The Grass Is Watching
For ordinary Senegalese, however, the central concern is not who prevails in political debates within the governing coalition. Their concerns are far more immediate. Will decent jobs be created for the country's growing youth population? Can the rising cost of living be contained? Will schools and hospitals improve? Will energy remain affordable? Can the government navigate difficult fiscal conditions while protecting vulnerable households?
These are the questions that motivated citizens to demand political change. They remain the benchmark against which this government will ultimately be judged. Every day devoted to managing political tensions is a day not fully devoted to implementing the transformative programme that inspired so many Senegalese to vote for change.
The implications extend beyond domestic politics. Investors monitor political stability before committing long-term capital. Businesses require policy predictability before expanding operations. Development partners look for coherence and institutional maturity. Political uncertainty increases perceptions of risk and may slow the pace of economic recovery.
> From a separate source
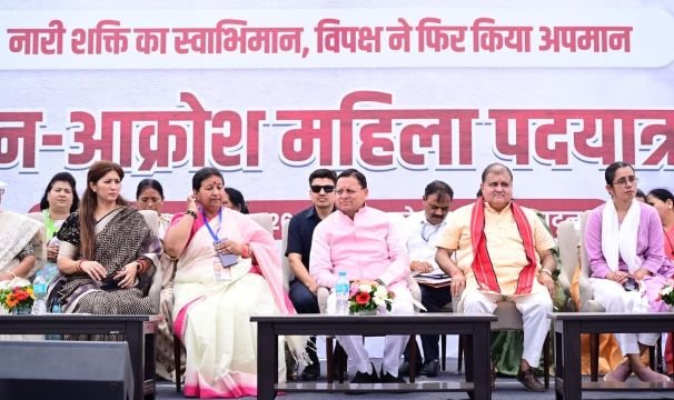 मुख्यमंत्री पुष्कर सिंह धामी ने कहा कि प्रधानमंत्री नरेंद्र मोदी के नेतृत्व में मातृशक्ति को देश की लोकतांत्रिक व्यवस्था में उनका अधिकार दिलाने के लिए नारी शक्ति वंदन अधिनियम लाया गया था। परंतु लोकसभा में संख्या बल के कारण बिल पारित नहीं हो पाया। उन्होंने कहा विपक्ष ने षड्यंत्र करके नारी शक्ति का अधिकार छिनने का काम किया है। उन्होंने कहा देश की नारी, अन्याय के विरुद्ध अवश्य आवाज उठाएगी क्योंकि अब नारी अपने अधिकारों के प्रति सजग हो चुकी है।

Most importantly, Senegal's young people are judging democracy not only by peaceful elections but by whether democratic governance delivers dignity, opportunity, accountability, and meaningful change. Should political competition come to overshadow the reform agenda itself, the greatest casualty will not be the reputations of individual leaders. It will be public confidence in democracy's ability to improve people's lives.
Senegal Still Has Time
Unlike many political crises elsewhere in the region, with military coups and insurgencies, Senegal's democratic institutions remain resilient. The judiciary continues to function. Parliament remains active. Civil society remains vigilant, and an independent media continues to scrutinise those in power. Most importantly, political disagreements remain firmly within constitutional processes.
The responsibility now rests with all those entrusted with leading the country's democratic transition. History is unlikely to remember who prevailed in today's political disagreements. It will remember whether Senegal's leaders preserved the democratic project that inspired millions of citizens to believe that another politics was possible.
Beyond the Elephants
African politics has too often been reduced to contests between powerful personalities. Yet democratic consolidation depends on something more enduring: leaders who recognise that no individual is greater than the political project they serve and that no political ambition should eclipse the democratic mandate entrusted to them by citizens.
The tragedy of elite political divisions rarely remains confined to political leaders. Their consequences ripple outward, affecting citizens waiting for jobs, entrepreneurs seeking certainty, investors assessing risk, public servants delivering essential services, and ultimately the credibility of democratic institutions.
For decades, Senegal has stood as one of Africa's most respected democratic reference points. Whether it continues to occupy that place will depend not on which political figure ultimately prevails, but on whether the country's leaders place the collective democratic project above individual political calculations. Because when elephants fight, it is always the grass that bears the greatest cost.